Probably would the analysis of the soil in which our paphs grow in the wild (mainly on the ground itself, but also in the fissures and cracks of the rocks, or in the forks of the big branches of trees) be another good approach to their nutritionnal needs,

Yes!! I just read this old thread and Xavier mentioned that he did get some soil analysis done but I could not see it? With the preferencial uptake of various elements, I believe this kind of data would be of even more value than leaf tissue analysis. I would especially like to see the Fe levels available!
Does anyone know if he posted this information anywhere?
Xavier???
 
This issue of iron toxicity has me intrigued as well. K-Lite contains chelated iron - could it be too much for some plants?
 
Anything's possible Alla, but its not a lot different from the MSU fertilizers from which it is derived, and I have not heard of any reorts of toxicity.

Thanks for resurrecting this thread, Mike. A good read...again.
 
Is somewhere xavier still active? I just left my question here

1)Did he clarify the reason behind the use of high phosphorus fertilizer on mottled one?
(?As long as coupling anion is mostly NO3-/H2PO4-/ SO4 2-; he hate NO3-, so H2PO4-….(?))

2) While the analysis of “natural” and chlorotic one was compared; what was the fertilizer regime causing the chlorotic situation?

Is the regime in 2012 guidelines a feedback outcome?
In the analysis, the great deviations between chlorotic vs healthy one comes the Fe(x15)>Mo(x1/11)>B (x1/5)>Zn (x1/3.6), but the micro conc. used in guideline seems not that much differ from commercial ones?

Do paph effectively extract Iron from insoluble iron oxide in medium?
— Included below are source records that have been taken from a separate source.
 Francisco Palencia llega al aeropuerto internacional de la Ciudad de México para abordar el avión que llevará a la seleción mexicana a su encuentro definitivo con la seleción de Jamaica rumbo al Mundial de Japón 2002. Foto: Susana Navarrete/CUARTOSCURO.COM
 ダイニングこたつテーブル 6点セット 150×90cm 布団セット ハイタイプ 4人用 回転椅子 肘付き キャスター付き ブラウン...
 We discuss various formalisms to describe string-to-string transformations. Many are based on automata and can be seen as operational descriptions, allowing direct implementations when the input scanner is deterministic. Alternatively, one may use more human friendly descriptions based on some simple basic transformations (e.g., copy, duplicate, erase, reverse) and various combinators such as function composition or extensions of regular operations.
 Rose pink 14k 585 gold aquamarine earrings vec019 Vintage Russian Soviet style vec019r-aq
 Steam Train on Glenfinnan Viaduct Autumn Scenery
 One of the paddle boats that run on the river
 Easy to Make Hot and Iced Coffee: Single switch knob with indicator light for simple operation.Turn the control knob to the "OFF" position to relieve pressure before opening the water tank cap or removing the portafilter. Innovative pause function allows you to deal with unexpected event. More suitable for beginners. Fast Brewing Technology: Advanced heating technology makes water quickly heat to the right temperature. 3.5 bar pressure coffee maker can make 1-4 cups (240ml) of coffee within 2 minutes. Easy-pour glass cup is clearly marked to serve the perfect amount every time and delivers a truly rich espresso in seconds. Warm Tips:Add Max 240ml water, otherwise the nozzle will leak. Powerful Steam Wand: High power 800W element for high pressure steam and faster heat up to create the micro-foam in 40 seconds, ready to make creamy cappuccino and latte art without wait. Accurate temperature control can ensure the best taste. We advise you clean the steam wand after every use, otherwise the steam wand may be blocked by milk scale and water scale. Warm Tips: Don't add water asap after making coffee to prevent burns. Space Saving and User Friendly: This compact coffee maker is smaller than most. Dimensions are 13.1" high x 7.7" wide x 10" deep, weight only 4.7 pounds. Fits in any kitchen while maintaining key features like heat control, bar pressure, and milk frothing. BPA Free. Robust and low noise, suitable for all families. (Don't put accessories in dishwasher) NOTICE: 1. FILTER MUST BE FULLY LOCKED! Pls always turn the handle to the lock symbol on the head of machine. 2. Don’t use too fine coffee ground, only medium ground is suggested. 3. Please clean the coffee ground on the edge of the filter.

If yes, readiness of overdose in addition to chelated iron?

3) It’s hard to control pH…what 5.7; 5.5~6.2…

If one checks the pH of fertilizer prepared after a few days/1 week, you know how much It can shift…. ~4.x

Alkalinity from HCO3- should get exhausted below ~6.3

If root tip can get a crush with ph <5, then the use of “hi-ammonium” only be safe in narrow range/ highly controlled operation/high frequent flush to keep it "fresh"…..and something sit in sph. moss might be ph<4……

It's a bit strange to consider calcareous one can not handle nitrate

Ammonium toxicity do intensify with lowing pH…as I know
while the cause /prevention of browning of root tip/poor root establishment is not that much mentioned in guideline……that's not a single time I heard from experienced grower that " paph should not be fertilized as the root tip is too sensitive to salt or whatever...."& I don't want to use kelp-like-stuff
 
He may not be active here but he just posted on AOS FB page today, so chances are that he may still be active here also?
He just seems not very responsive.
 
Perhaps the passage from Julius Caeser that "and all our yesterdays have lighted fools the way to dusty death" is closer to the truth than we realize. I can't even begin to imagine the complexity of setting up experiments Sanderianum is contemplating to obtain meaningful data. Add to this the law of limiting factors and it completely boggles what mind I have left. Like you Ray, I have to laugh about the controversy concerning urea. Some years back Fred Bergman published a brief study in Phals involving urea vs non urea fertilizers and in short concluded that not only was the urea utilized, but produced more robust plants than non urea fertilizer. I felt the experiment was not well controlled but, until WR Grace took them over, perhaps more orchids were grown with the old Peters 30-10-10 than all other fertilizers combined.